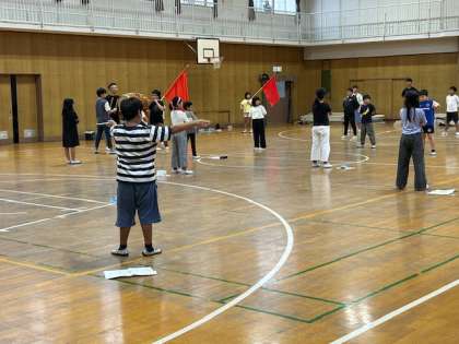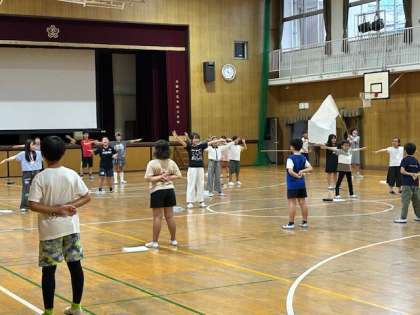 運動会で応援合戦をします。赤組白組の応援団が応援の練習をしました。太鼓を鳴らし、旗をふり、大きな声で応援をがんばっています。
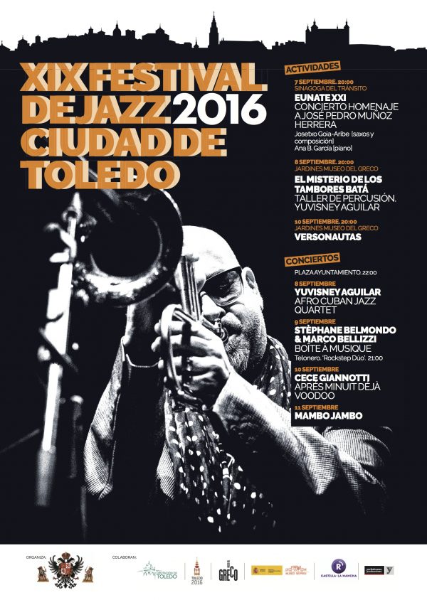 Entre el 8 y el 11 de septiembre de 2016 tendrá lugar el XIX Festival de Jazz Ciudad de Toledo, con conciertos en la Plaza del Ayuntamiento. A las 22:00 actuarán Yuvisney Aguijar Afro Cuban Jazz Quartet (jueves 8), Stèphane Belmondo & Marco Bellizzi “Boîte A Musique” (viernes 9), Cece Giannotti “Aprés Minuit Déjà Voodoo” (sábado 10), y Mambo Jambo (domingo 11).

◇ ◇ ◇ ◇ ◇

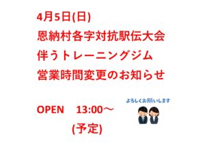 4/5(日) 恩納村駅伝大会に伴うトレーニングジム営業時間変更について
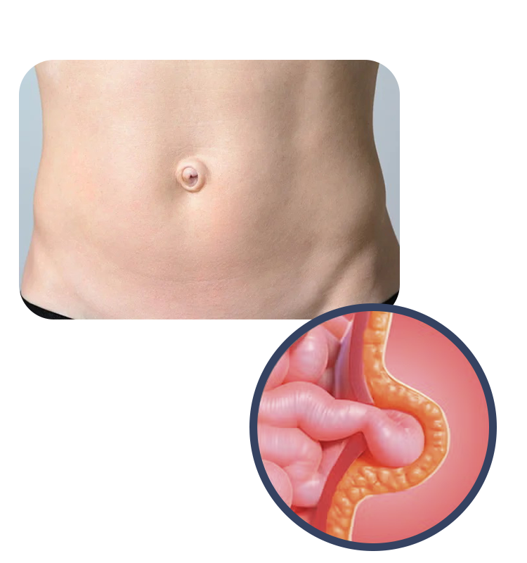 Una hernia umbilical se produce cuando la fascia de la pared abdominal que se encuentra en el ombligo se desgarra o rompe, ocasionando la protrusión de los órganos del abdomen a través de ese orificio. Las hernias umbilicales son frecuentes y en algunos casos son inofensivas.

◇ ◇ ◇ ◇ ◇

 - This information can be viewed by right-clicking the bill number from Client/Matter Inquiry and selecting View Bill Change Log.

◇ ◇ ◇ ◇ ◇

__TASK DIRECTIONS__
In the data above, take the line with "4/5(日) 恩納村駅伝大会に伴うトレーニングジム営業時間変更について", the line with "Una hernia umbilical", and every line between, and set them down exactly without pictures.

__RESPONSE TO THIS TASK__
 4/5(日) 恩納村駅伝大会に伴うトレーニングジム営業時間変更について
 Una hernia umbilical se produce cuando la fascia de la pared abdominal que se encuentra en el ombligo se desgarra o rompe, ocasionando la protrusión de los órganos del abdomen a través de ese orificio. Las hernias umbilicales son frecuentes y en algunos casos son inofensivas.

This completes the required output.